Mr. Markoff is trying to tell us that the defenders are losing the battle. But if they are, it’s because they *chose* to. Hackers use 0day and always have. The defenders are off making millions selling things that don’t work against 0day.
I guess what I’m trying to say here is that at this point the attackers are just “reasonably competent”. When it comes to offensive information security, we ain’t seen nothing yet.”

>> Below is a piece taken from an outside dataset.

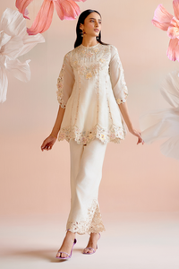 This enchanting ensemble features an Ivory silk organza flared short kurta embellished with exquisite cutwork and beadwork, creating a delicate and sophisticated look. Paired with ivory Chanderi floral cutwork bell bottom pants, which showcase stylish slit details, this outfit beautifully combines modern flair with timeless elegance. Perfect for festive occasions or chic gatherings, it's sure to turn heads!

NPR, the Washington Post, and the NYT have all been spending more time reporting on computer security. It was very interesting to hear a guest on Boston NPR’s hour long “On Point” this morning discussing characteristics of Secretary of Defense Robert Gates’ laptop and other PC based resources at the U.S. Department of Defense, as well as the legal arm-twisting used to silence individuals that have participated in security breach investigations. And therein lies the real problem. All the discussion in the world about network security is useless when talk about real issues is silenced, and the individuals that need to protect their organization’s data do not understand or cannot describe what they need to protect it from.